View and Hide Styles

First, view the style settings of the DataFrame:

We can use the render method to view the specific values of the data frame style: we find that the code is the default CSS style

Hide index

Code to hide index:

Hides the specified column

We found that the AC two columns are hidden, using the parameter subset parameter:

The following are examples of various display styles:

Case 1: positive and negative colors

Less than 0 shows red, greater than 0 shows blue

def color_change(val):
    color = 'red' if val < 0 else 'blue'
    return 'color: %s' % color  
# Use applymap and call the written function
df1.style.applymap(color_change)

The applymap method is for the entire DataFrame

Case 2: highlight data

You can highlight the maximum, minimum, and missing values. Write a simple highlight function:

def highlight_min(x):
    is_min = x == x.min()
    return ["background-color: yellow" if v else '' for v in is_min]

Example 3: use the default highlight function

Three built-in highlighting functions have been written in Pandas by default:

  • highlight_max(): Max
  • highlight_min(): Min
  • highlight_null(): null value

At the same time, we can also use the parameter axis to display rows or columns

1. Highlight Max

2. Highlight the minimum value for each column

3. Highlight null: the default is red

Of course, we can change the color by using the parameter null_color:

The parameter axis=1 indicates that the operation is performed in the direction of the row:

Case 4: chain call

Chained call refers to the simultaneous use of multiple functions (Methods) in the same style operation:

# color_change + highlight_max
df1.style.applymap(color_change).apply(highlight_min)

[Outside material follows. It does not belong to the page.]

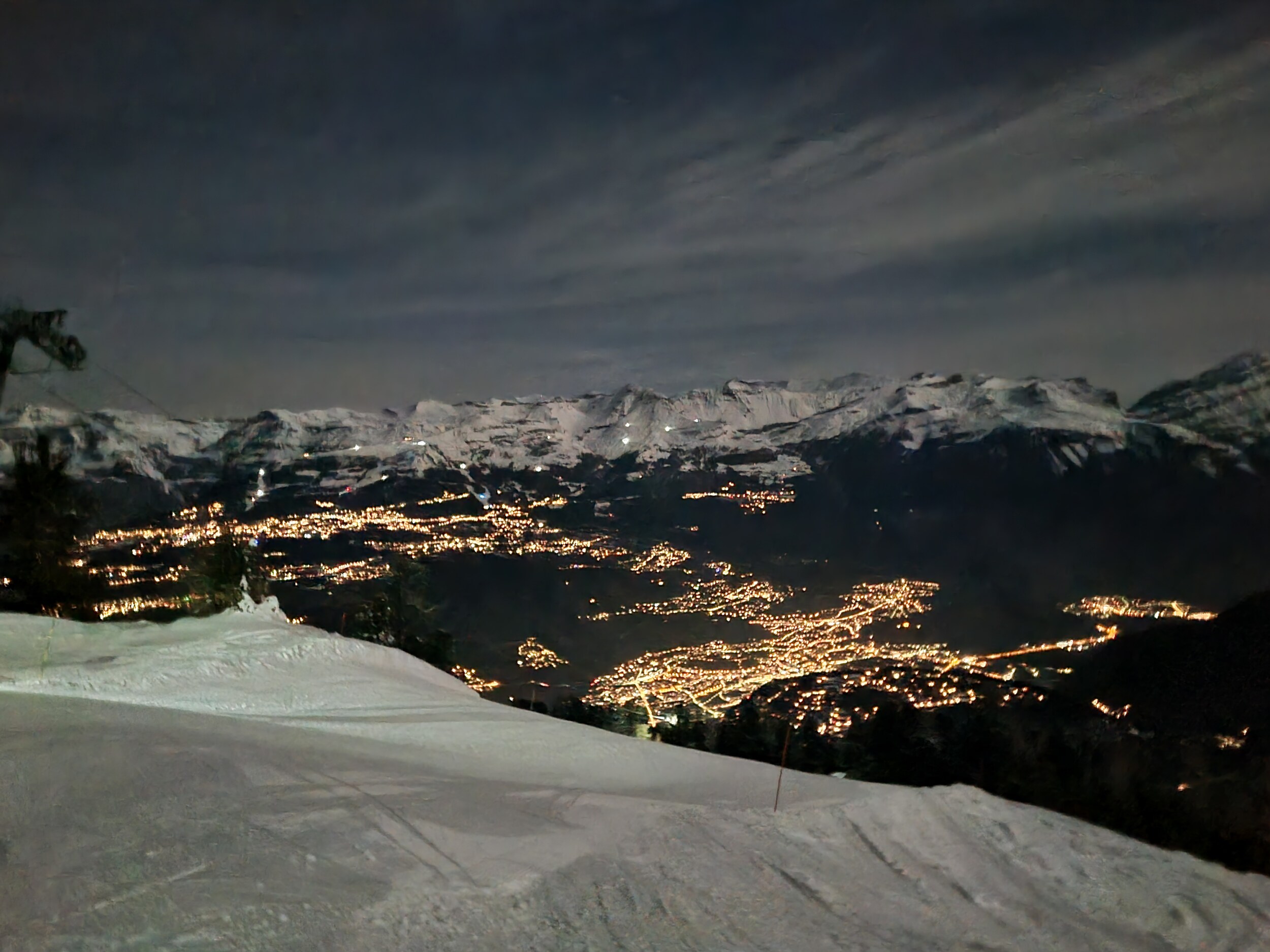 Gestern abend war wieder das einmal pro Monat zu Vollmond stattfindende Nachtskiangebot in Vercorin.
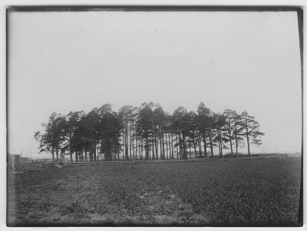 'Vy med råkkoloni i liten skogsdunge, tallar. Enligt bildtext: ''En råka i större tallen från höger.'' I förgrunden öppet fält, åker. :: :: Se även fotonr. 675.'

If there are many methods, you can write them separately:

# color_change + highlight_max
df1.style.\
applymap(color_change).\
apply(highlight_min)

# Or: add a layer of parentheses outside to indicate that the whole code is a whole
(df1.style.
applymap(color_change).
apply(highlight_min))

Null value highlighting and changing color parameters are used at the same time to realize chain call:

Hide column properties and custom parameters at the same time:

Example 5: partial data beautification

Use the parameter subset to control the rows and columns. The passed in parameters can be:

  • Column label
  • List (numpy array)
  • Tuple (row_indexer, column_indexer)

Partial column properties

Specify the column properties we want to beautify through the parameter subset:

pd.IndexSlice construct list

Constructed by pd.IndexSlice

Example 6: formatted display of values (Styler.format)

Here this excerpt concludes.